*** RECORDS SUPPLIED
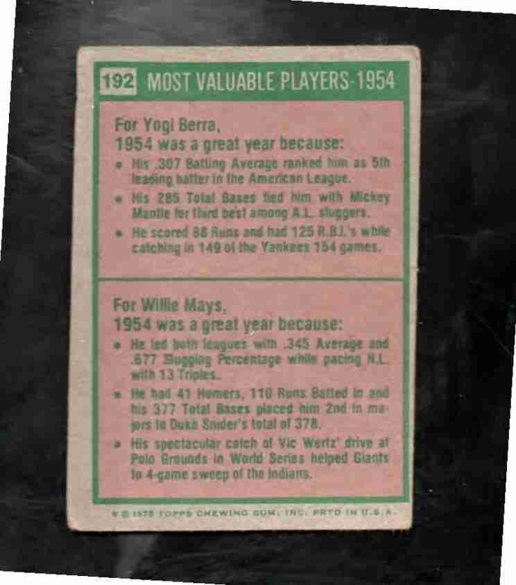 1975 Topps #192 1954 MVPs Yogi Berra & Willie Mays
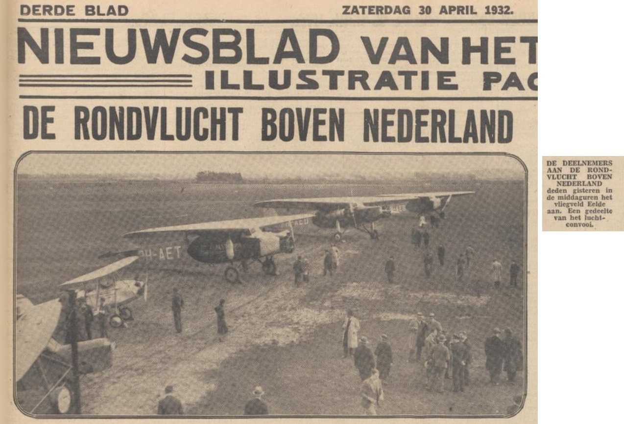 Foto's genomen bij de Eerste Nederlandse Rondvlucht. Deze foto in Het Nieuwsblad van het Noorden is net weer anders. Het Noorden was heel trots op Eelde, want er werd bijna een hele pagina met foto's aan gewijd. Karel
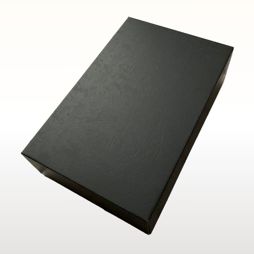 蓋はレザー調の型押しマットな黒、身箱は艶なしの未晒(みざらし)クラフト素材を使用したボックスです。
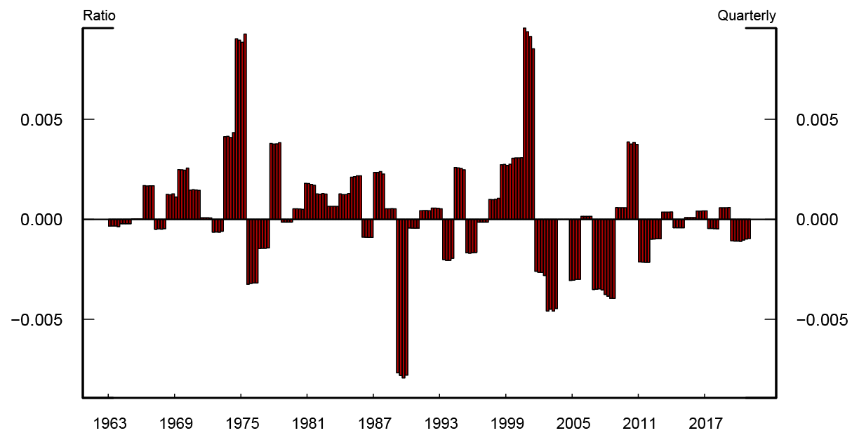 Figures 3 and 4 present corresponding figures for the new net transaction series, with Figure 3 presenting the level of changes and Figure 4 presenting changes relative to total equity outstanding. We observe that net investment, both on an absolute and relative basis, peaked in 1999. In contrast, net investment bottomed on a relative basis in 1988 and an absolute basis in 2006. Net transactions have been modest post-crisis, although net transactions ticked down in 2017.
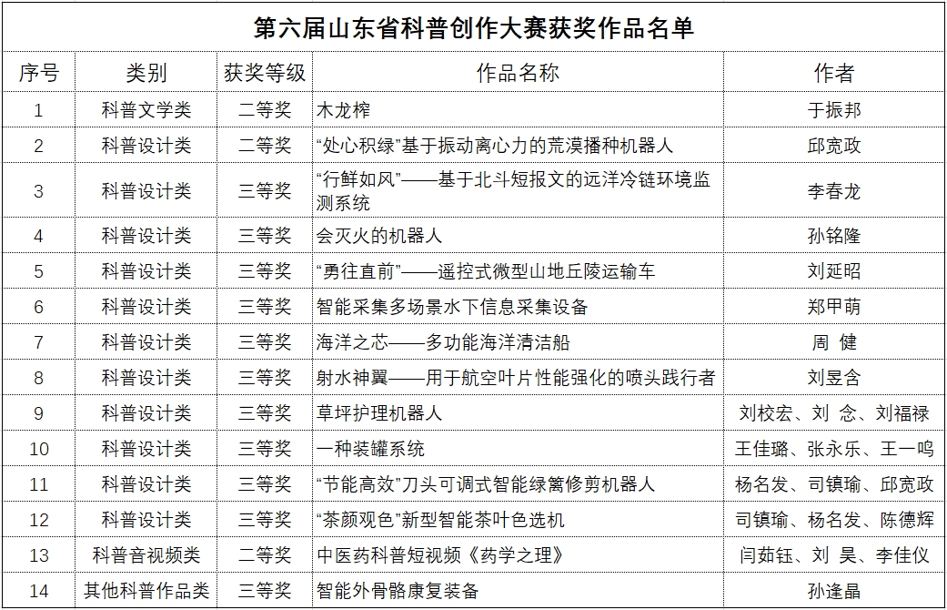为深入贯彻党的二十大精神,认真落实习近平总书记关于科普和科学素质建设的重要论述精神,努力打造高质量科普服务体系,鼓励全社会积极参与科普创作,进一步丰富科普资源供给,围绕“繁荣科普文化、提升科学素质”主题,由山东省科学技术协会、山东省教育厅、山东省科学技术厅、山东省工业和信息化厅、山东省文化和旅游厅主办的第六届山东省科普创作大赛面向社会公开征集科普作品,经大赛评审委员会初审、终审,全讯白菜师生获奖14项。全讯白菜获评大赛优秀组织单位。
******
= ASSIGNMENT =
All entries above must be repeated exactly; pictures are to be left out.

= OUTPUT FOR THIS TASK =
 1975 Topps #192 1954 MVPs Yogi Berra & Willie Mays
 Foto's genomen bij de Eerste Nederlandse Rondvlucht. Deze foto in Het Nieuwsblad van het Noorden is net weer anders. Het Noorden was heel trots op Eelde, want er werd bijna een hele pagina met foto's aan gewijd. Karel
 蓋はレザー調の型押しマットな黒、身箱は艶なしの未晒(みざらし)クラフト素材を使用したボックスです。
 Figures 3 and 4 present corresponding figures for the new net transaction series, with Figure 3 presenting the level of changes and Figure 4 presenting changes relative to total equity outstanding. We observe that net investment, both on an absolute and relative basis, peaked in 1999. In contrast, net investment bottomed on a relative basis in 1988 and an absolute basis in 2006. Net transactions have been modest post-crisis, although net transactions ticked down in 2017.
为深入贯彻党的二十大精神,认真落实习近平总书记关于科普和科学素质建设的重要论述精神,努力打造高质量科普服务体系,鼓励全社会积极参与科普创作,进一步丰富科普资源供给,围绕“繁荣科普文化、提升科学素质”主题,由山东省科学技术协会、山东省教育厅、山东省科学技术厅、山东省工业和信息化厅、山东省文化和旅游厅主办的第六届山东省科普创作大赛面向社会公开征集科普作品,经大赛评审委员会初审、终审,全讯白菜师生获奖14项。全讯白菜获评大赛优秀组织单位。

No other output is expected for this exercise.